Task objective — The entries need to be copied exactly as they stand, images left out.

Data excerpts —
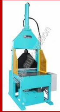
Rubber Bale Cutter
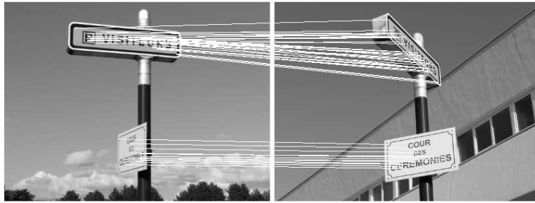
Figure 4: ASIFT: An Algorithm for Fully Affine Invariant Comparison
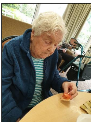
Fresh tomatoes from our garden on brown bread – the taste of home!

Since we moved into the newly-created Regional Clinical Manager roles in mid-2022 we have embraced many opportunities for growth, sharing and collaboration. Every day is day of learning, finding answers and solutions, updating information, advocating for others, and making sure everything is working well. There is sharing, energy, and much joy.
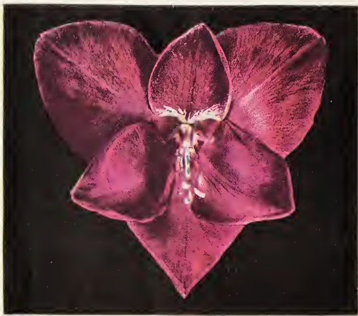
$0.85 for 10 Persia $6.00 per 100
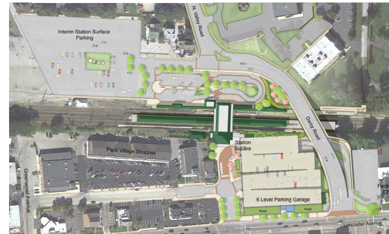
Paoli – Final Concept Plan
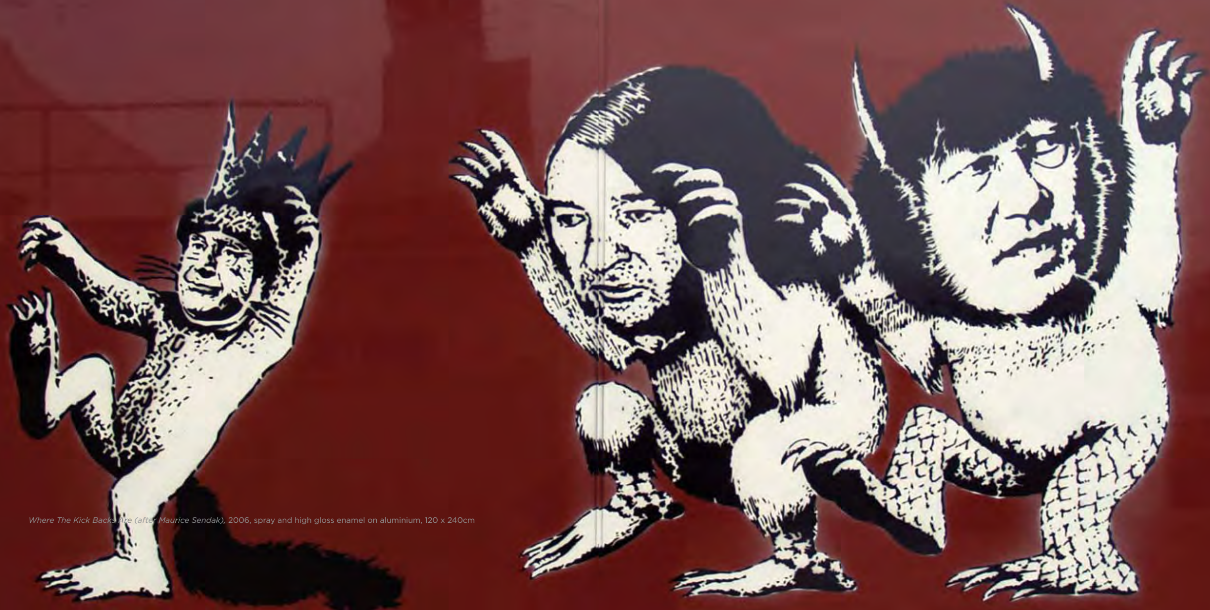
Where The Kick Backs Are (after Maurice Sendak), 2006, spray and high gloss enamel on aluminium, 120 x 240cm

Your response —
Rubber Bale Cutter
Figure 4: ASIFT: An Algorithm for Fully Affine Invariant Comparison
Fresh tomatoes from our garden on brown bread – the taste of home!

Since we moved into the newly-created Regional Clinical Manager roles in mid-2022 we have embraced many opportunities for growth, sharing and collaboration. Every day is day of learning, finding answers and solutions, updating information, advocating for others, and making sure everything is working well. There is sharing, energy, and much joy.
$0.85 for 10 Persia $6.00 per 100
Paoli – Final Concept Plan
Where The Kick Backs Are (after Maurice Sendak), 2006, spray and high gloss enamel on aluminium, 120 x 240cm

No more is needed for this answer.